I had the rare opportunity to see what the chamber looked like from the cylinder side. Here's a pic. It's not that easy to see by the pic but the edges of the chamber fits right to the cylinder walls. It looks like I will not have any problems with valve shrouding with the larger valves I installed. I just slapped on the grungy valve covers and the single plane intake I bought from Australia. What I hadn't noticed was the intake is setup to be level with the engine. The Buick/Rover is usually mounted with the engine rotated back about 3-5º. The Edelbrock performer 3.5 may be a better choice. We'll see. So I got the engine/trans empty (no rotating assembly or internals on the T5) in place.

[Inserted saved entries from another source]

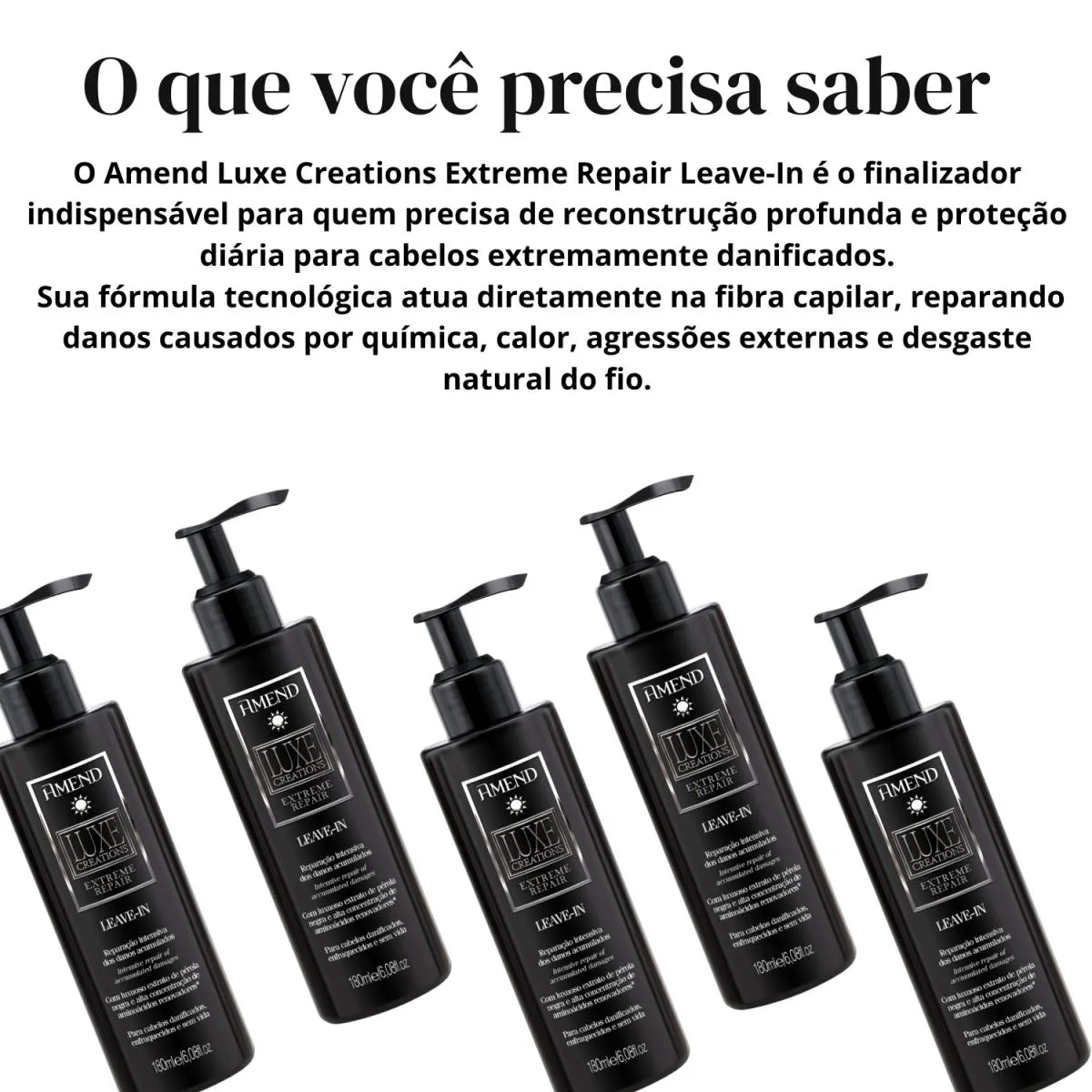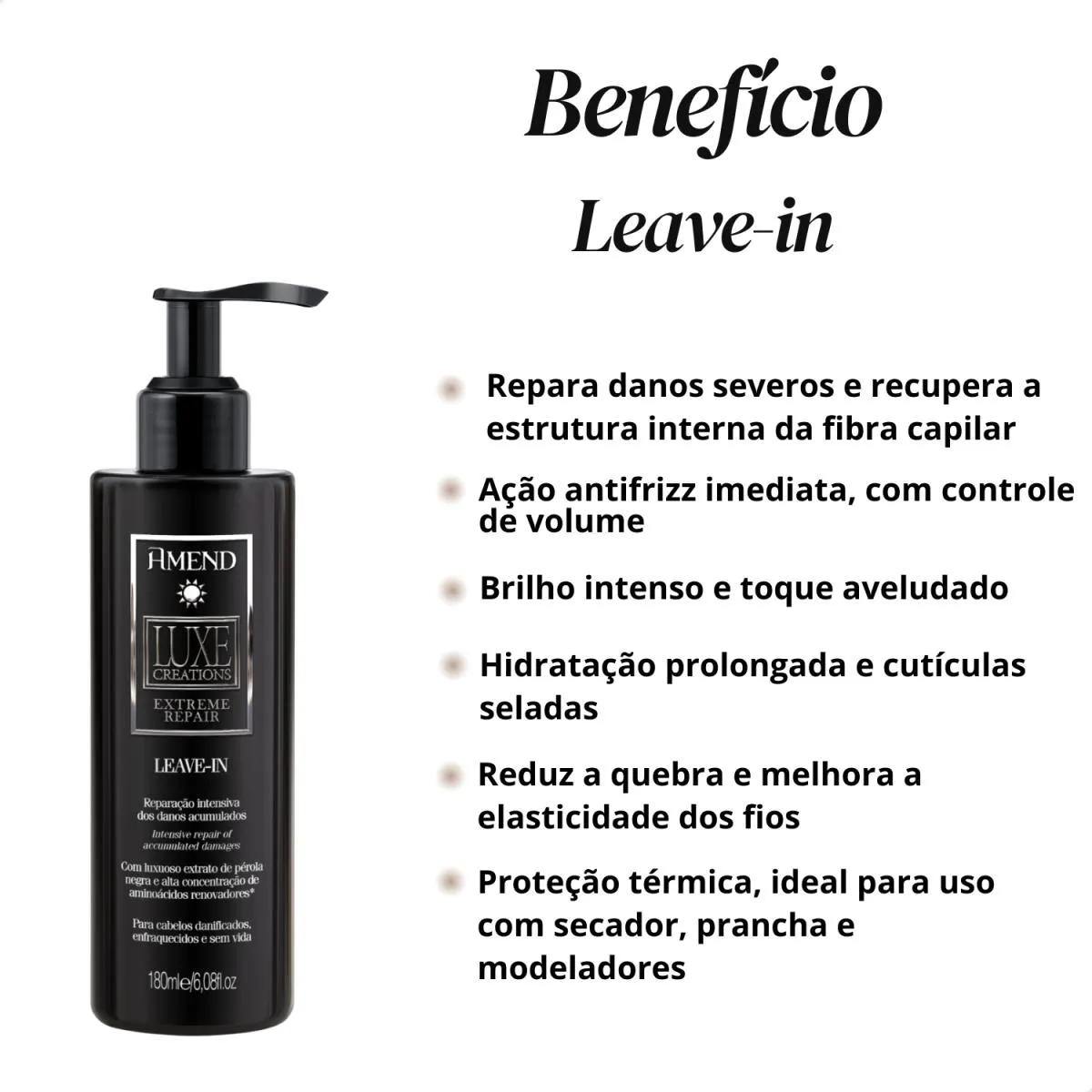 *** Loja Oficial beleza Marcante *** A Beleza Marcante Cosméticos é uma loja virtual que, há mais de 8 anos, cuida com carinho da beleza de pessoas modernas e atualizadas. Com um olhar atento, buscamos oferecer produtos inovadores que realçam a beleza natural e promovem o bem-estar. ESTOQUE DISPONÍVEL – ENVIO IMEDIATO APÓS CONFIRMAÇÃO DA COMPRA – ENVIAMOS PARA TODO BRASIL - COM NOTA FISCAL - TODAS AS FOTOS SÃO REAIS – DIRETO DA FÁBRICA. -Loja Oficial na plataforma -Mais de 8 anos entre os melhores vendedores nos Marketplaces -Variedade completa de produtos de qualidade -Atendimento humanizado e especializado -Entrega rápida e segura para todo o Brasil -Fotos reais dos produtos -Compras 100% seguras Este anúncio contém: 1 unidade Leave-In Amend Luxe Creations Extreme Repair 180ml – Ref. 1301 O Leave-In Amend Luxe Creations Extreme Repair 180ml é o aliado perfeito para quem precisa restaurar profundamente cabelos danificados, enfraquecidos, opacos ou sem vida. Ele atua como um tratamento de reparação intensiva, devolvendo força, brilho e maciez enquanto protege contra danos futuros. Cabelos expostos a químicas, calor, coloração e agressões externas costumam perder massa, ficar mais frágeis e com aparência envelhecida. O Extreme Repair foi desenvolvido para reverter exatamente esses danos — ação imediata e visível já nos primeiros usos. Alta concentração de ativos reparadores: sua fórmula combina aminoácidos renovadores e Extrato de Pérola Negra, que reconstruem profundamente e restauram a fibra capilar. Combate ao envelhecimento capilar: reduz opacidade, quebra e ressecamento, recuperando a vitalidade dos fios. Ação termoativada: protege contra o calor do secador, chapinha e outras ferramentas térmicas. Proteção UV: evita o desbotamento da cor e protege da radiação solar. Brilho intenso e disciplina imediata: os fios ficam mais alinhados, hidratados e com toque sedoso — sem pesar. Reparação contínua durante todo o dia: agindo como um escudo protetor contra frizz e danos externos. Transforme a saúde dos seus cabelos com o Leave-In Extreme Repair 180ml. Reconstrução profunda, brilho e proteção para todos os dias. Adicione ao carrinho e experimente uma finalização luxuosa com resultado profissional! Modo de usar: Após lavar os cabelos com shampoo e condicionador da linha Extreme Repair, aplique o leave-in sobre os fios úmidos. Distribua no comprimento e pontas, evitando a raiz. Não enxaguar. Finalize como desejar — com secador, chapinha ou natural (com proteção térmica garantida). Como conservar: Mantenha a embalagem bem fechada. Conservar em local fresco, ao abrigo da luz solar. Evitar deixar água dentro do frasco. Descartar caso haja alteração de odor, cor ou textura. Perguntas Frequentes (FAQ) 1 – Pode ser usado todos os dias? Sim! É um leave-in de tratamento diário que fortalece e repara continuamente. 2 – Serve para cabelos com química? Serve perfeitamente — especialmente para cabelos danificados por tintura, descoloração, escova progressiva, chapinha ou ressecamento extremo. 3 – Pode usar antes do secador ou chapinha? Sim, ele possui ação termoativada, protegendo contra altas temperaturas. 4 – Pesa nos fios? Não. A fórmula condicionante hidrata e disciplina sem deixar sensação pesada. 5 – Ajuda contra o desbotamento da cor? Sim, tem filtro UV que protege os pigmentos e mantém o brilho por mais tempo. ATENÇÃO! Não aceitamos devoluções de produtos usados. Pedimos, por gentileza, que verifique todas as informações antes de finalizar sua compra. Estamos à disposição para esclarecer qualquer dúvida na área de perguntas do anúncio. Será um prazer atendê-lo(a)! BELEZA MARCANTE COSMÉTICOS.
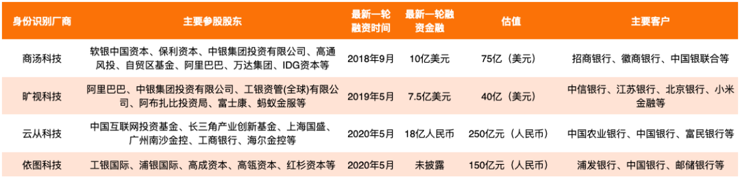 1、身份识别厂商:AI识别“四小龙“获知名投资机构多轮融资
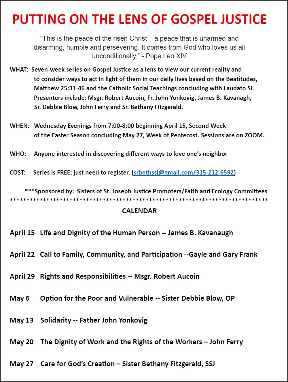 WHAT: Seven week series on Gospel Justice as a lens to view our current reality and to consider ways to act in light of them in our daily lives, based on the Beatitudes, Matthew 25:31-46 and the Catholic Social Teachings concluding with Laudato Si. Presenters include: Msgr. Robert Aucoin, Father John Yonkovig, Deacon JB Kavanagh, Sister Debbie Blow, Deacon Gary & Gayle Frank, John Ferry and Sister Bethany Fitzgerald.
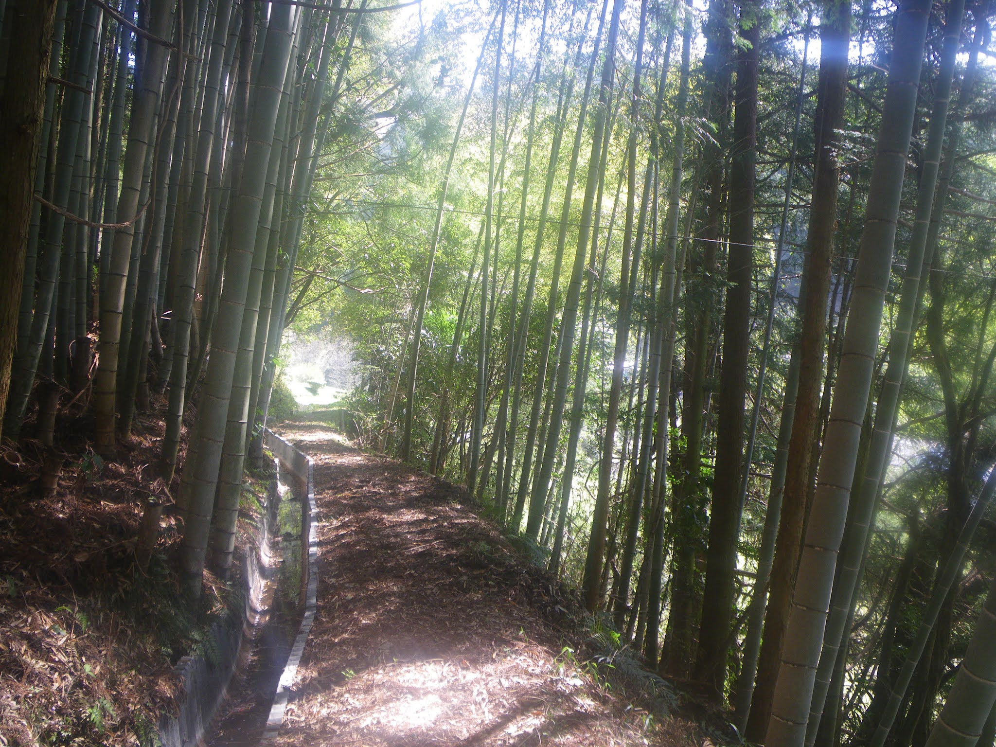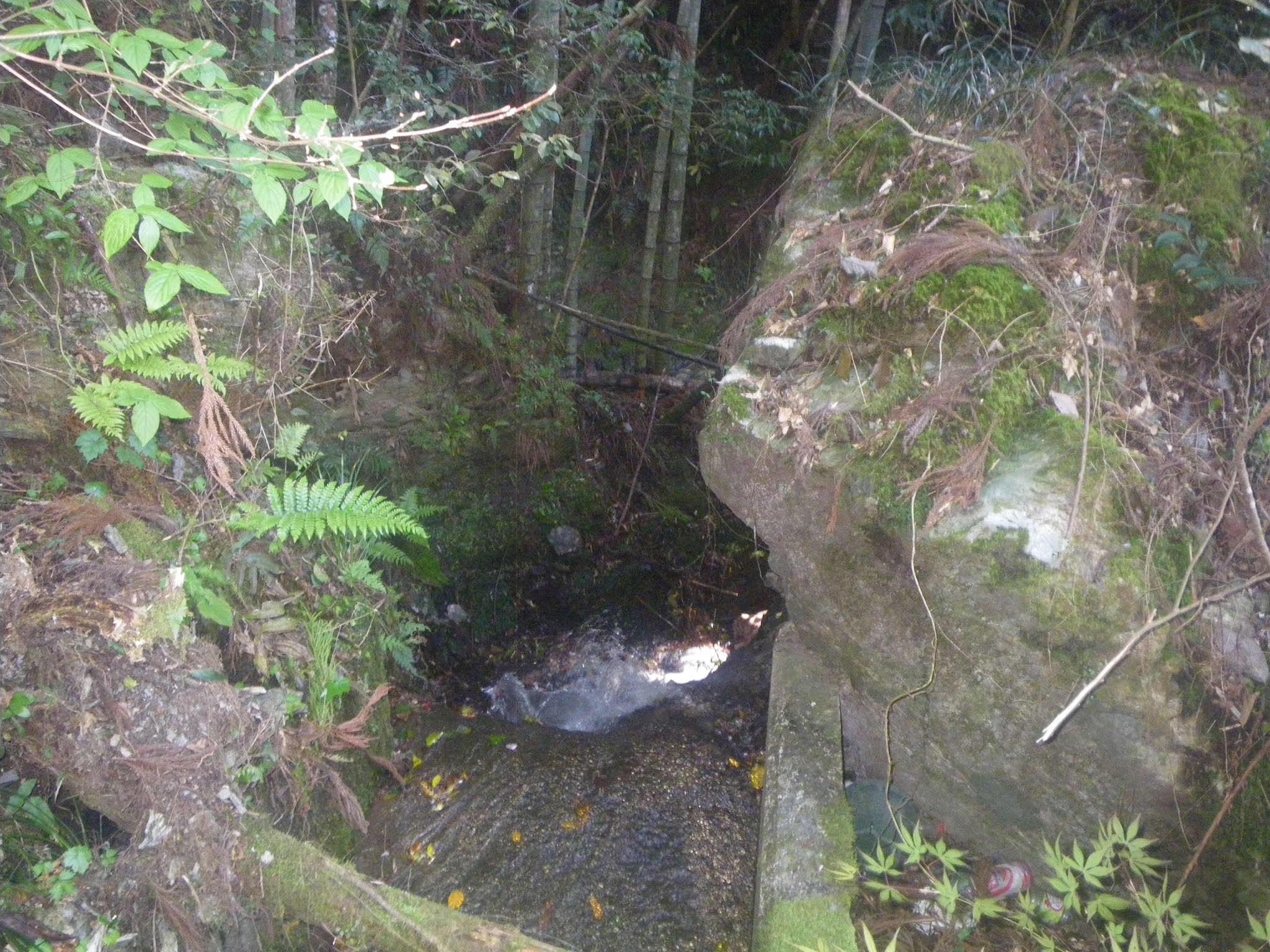 水路の谷側にも柵が設けられていたが、それも直ぐに無くなり、竹林や杉林の中を10分ほど歩くと南に切れ込んだ沢に出合う。
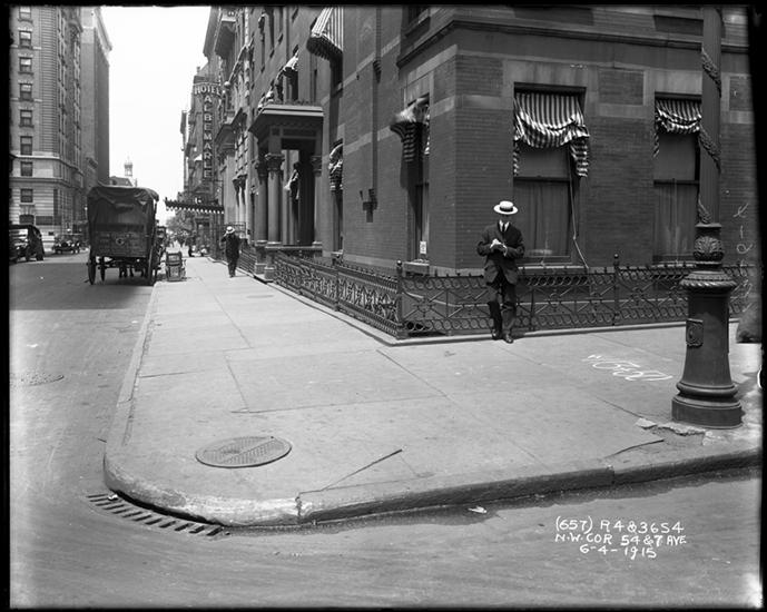 [7th Avenue and West 58th Street, looking north to Central Park.]
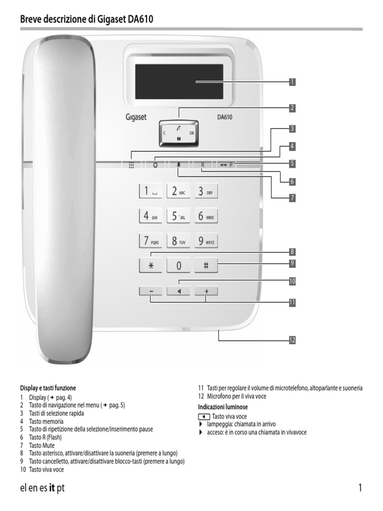 volume altoparlante . . . . . . . . . . . . . . . . . . . . . . . . . . . . . . . . . . . . . . . . . . . . . . 7 ripetizione selezione/pausa . . . . . . . . . . . . . . . . . . . . . . . . . . . . . . . . . . . . . . 1
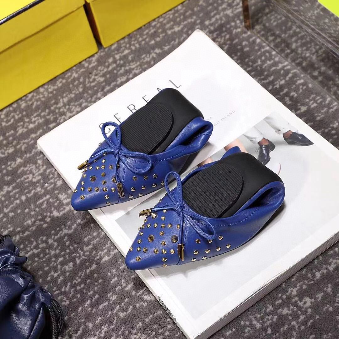 Iconic FENDI design featuring imported eco-friendly lambskin for a soft, comfortable fit. Golden studs and a bow accentuate luxury and individuality. The pointed toe silhouette enhances elegance and slims the foot. A lambskin insole provides excellent arch support for all-day wear, while the anti-slip outsole ensures safety and practicality. Perfect for everyday fashion and stylish occasions.
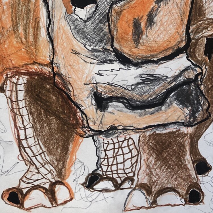 RHINO Parce qu'aujourd'hui c'est dimanche, le rhinocéros se promène joyeusement dans la savane. Est en route pour le goûter. Habillé aux couleurs de la fin de l’été, comme diraient les Européens. Aux couleurs du lever du soleil, le rhinocéros se retrouve. Il aime se retrouver entre amis et parler de choses et d'autres, des tendances couleurs du moment et de toutes les bonnes choses qui font du bien aux animaux !
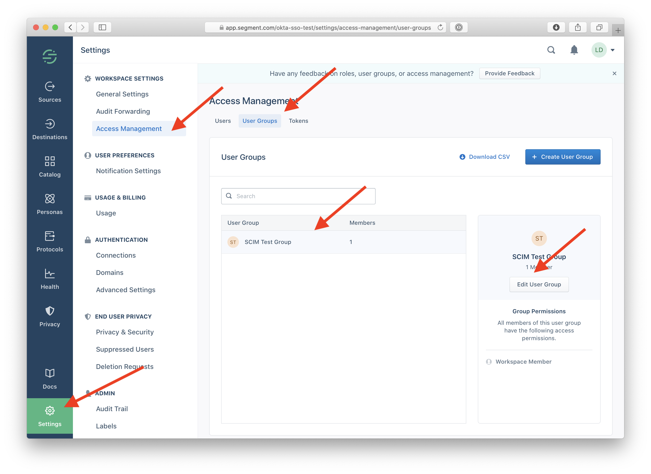 Your IdP can add or remove workspace members from existing groups via SCIM. Your IdP can also update Segment group names.

It was really gratifying because it's been years since the engine has been in it. So my plan is to move the engine back a couple inches. I think I can get it to move about 2" before I get to the firewall. Since the distributor is located in the front of the engine I don't have to worry about interference there. The only problem is the heater core then. I will have to make a custom, smaller one to fit if I move it back. That's what I'm going to do though because I'm fixated on moving it back You can see here how far away the engine is mounted with the D&D kit. That's OK but I need all the weight distribution I can get. I'm really close to 50/50 and I think moving the engine back with get me there. SO I used a soapstone to mark where I would need to relieve the firewall to make room for it.